Battleship was a game predating World War I that was played on paper with pencils. No one is sure who started this game and even less care so I have decided not to reveal the name of the first two people (both men) to play this game. In 1967 Milton Bradley came up with the board game. The 2012 film, Battleship, is based on the board game. The two men whom first played this game, who I have not mentioned, appear in brief cameos somewhere in the movie.
It seems as if relatives of the aliens that attacked us in Battle Los Angeles (2011) have now arrived on Earth. We are not sure what they want, but they come armed to the fangs and are ready to kill. They land their ships in the Pacific Ocean near Hawaii and it appears they are attempting to take over the tourist industry. At the same time they arrive, the US Navy and the Japanese Navy are together at sea for joint naval maneuvers. Soon the practice sessions turn to an all out war. The aliens have awesome weapons and armor clad soldiers. They do not like humans since all the movies they have seen show the humans winning the battles – which, in reality, would always turn out just the opposite.

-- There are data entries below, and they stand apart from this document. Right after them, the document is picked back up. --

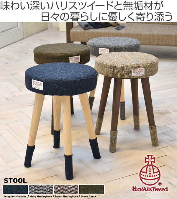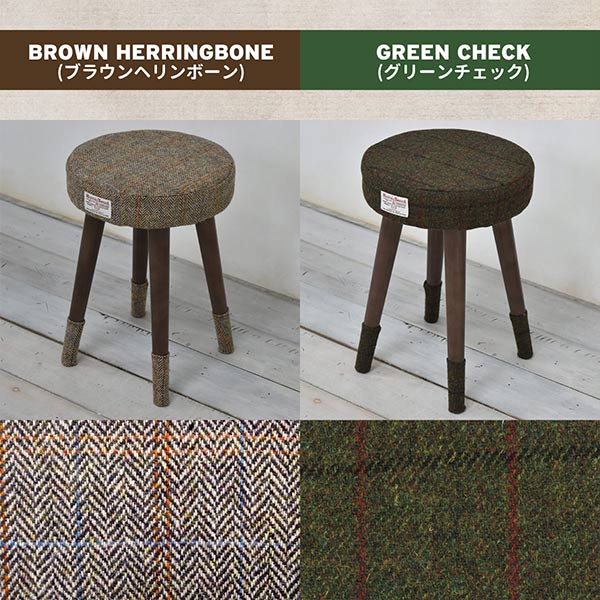 ざっくりとしたウールと色使いが、”味わい深く、美しい”。長く受け継がれる伝統的な生地、ハリスツイードを贅沢に使用したスツールです。素材の美しさに目を奪われる存在感ある仕上がりになっています。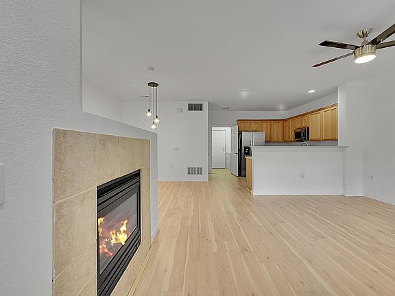 Welcome to this inviting 2-bed, 2-bathground-floor condo in Aurora. The spacious layout features a living room with a fireplace, and an additional dining area off the kitchen. The kitchen is equipped with all stainless steel appliances, a The primary bedroom includes its own ensuite bathroom, while the second bedroom enjoys access to a full bathroom nearby. Both bedrooms feature great windows for natural light and ceiling fans for comfort. An attached 2-car garage provides secure parking and extra storage, while the private front porch creates a welcoming outdoor space. Additional highlights include central AC and access to the community pool.
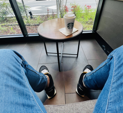 朝は桜を見ながらのんびりコーヒータイム☕️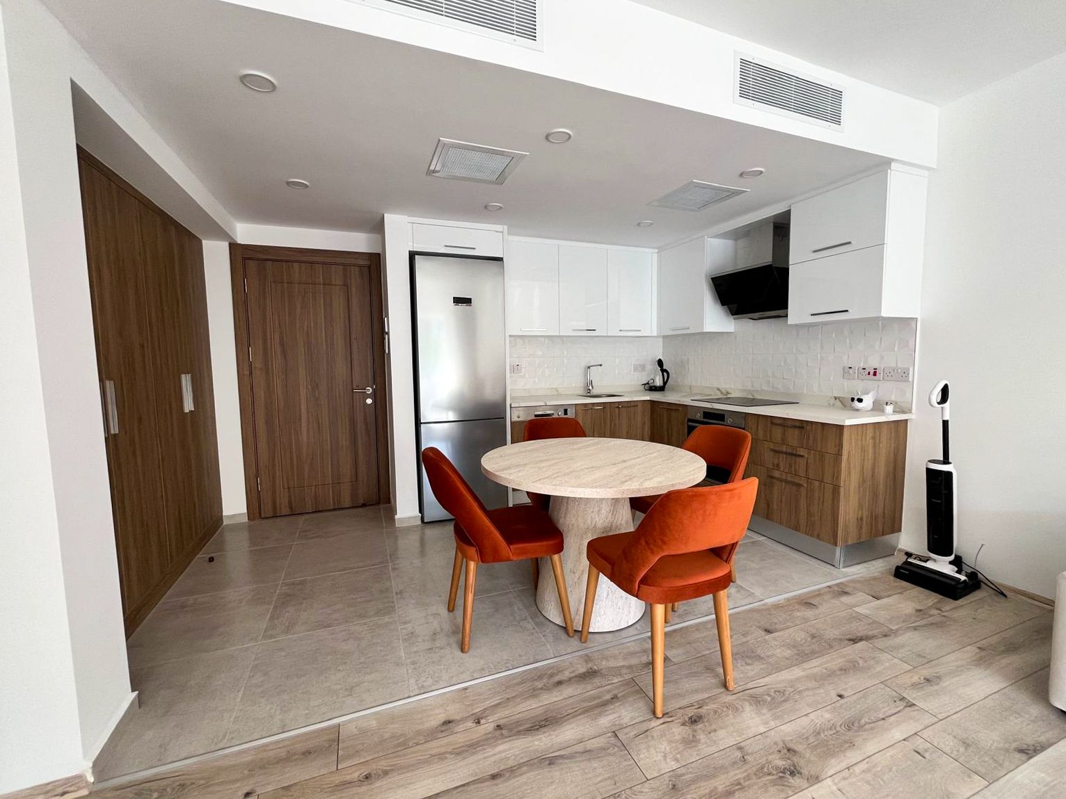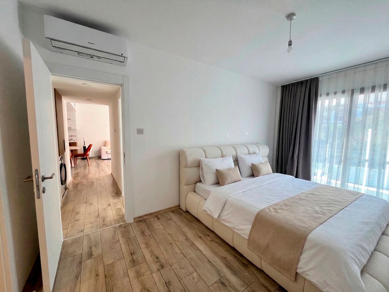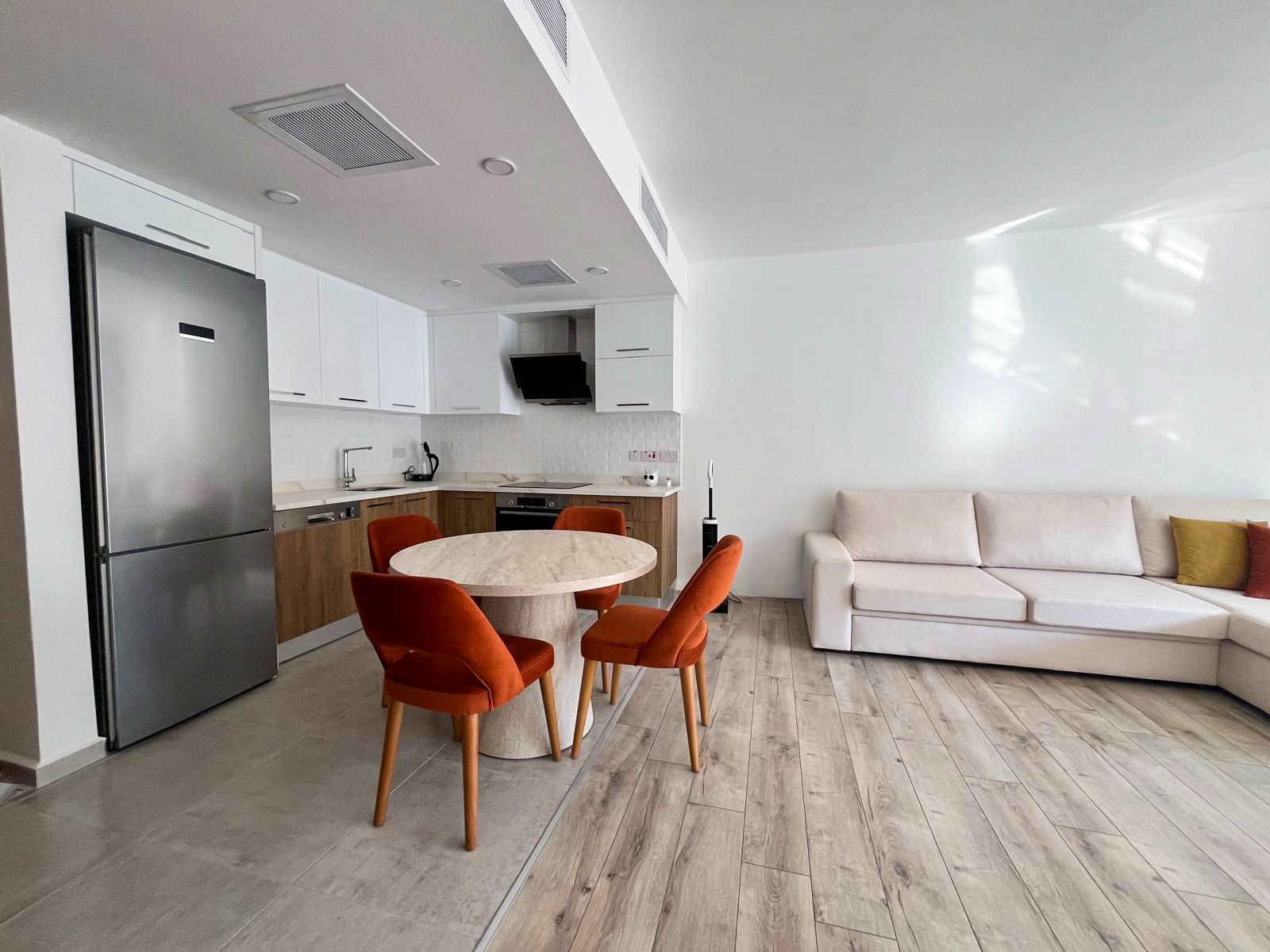 Просторные апартаменты формата 2+1 площадью 99 м², из окон открывается живописный вид на горы. Открытая планировка объединяет кухню, обеденную зону и гостиную. Кухня оснащена полным комплектом техники Bosch: холодильник, духовой шкаф, встроенная варочная поверхность и вытяжка. В гостиной качественный угловой диван, который раскладывается. Панорамное остекление с выходом на террасу наполняет квартиру дневным светом и визуально расширяет пространство. Также в апартаментах установлена система VRF.

What follows is two hours of special effects, which are a lot like those in the Transformers series. Canadian actor Taylor Kitsch is the young officer about to be kicked out of the Navy for misbehavior even though he dreams of being an Admiral. He also dreams of marrying the current Admiral’s, played by Liam Neeson, daughter. LN wants to help get TK out of the Navy and thinks TK has a better chance of marrying one of the aliens than his beautiful blond daughter. TK was most recently in John Carter as the title character. His performance this time is far less wooden, although a few splinters still stick out.
In the face of overwhelming odds, the American and Japanese sailors team up and defeat the enemy. I am not giving anything away that you cannot figure out for yourselves. The film is full of clichés and corniness. It is as predictable as a lie coming out of the mouth of a politician. Even so, this film has mind-blowing effects. The battle scenes are state-of-the-art and great fun to watch. Although the eventual ending is predictable with the 50s sci-fi monster film ideas that permeate the plot, it is an entertaining and uplifting film. Lousy alien scum. I hope this time they learn their lesson, but I have my doubts.
Rated 3.0 out of 4.0 more alien films on the way. Next up the Ridley Scott prequel to Alien (1979), Prometheus. Sigourney Weaver will not be on hand to save us this time.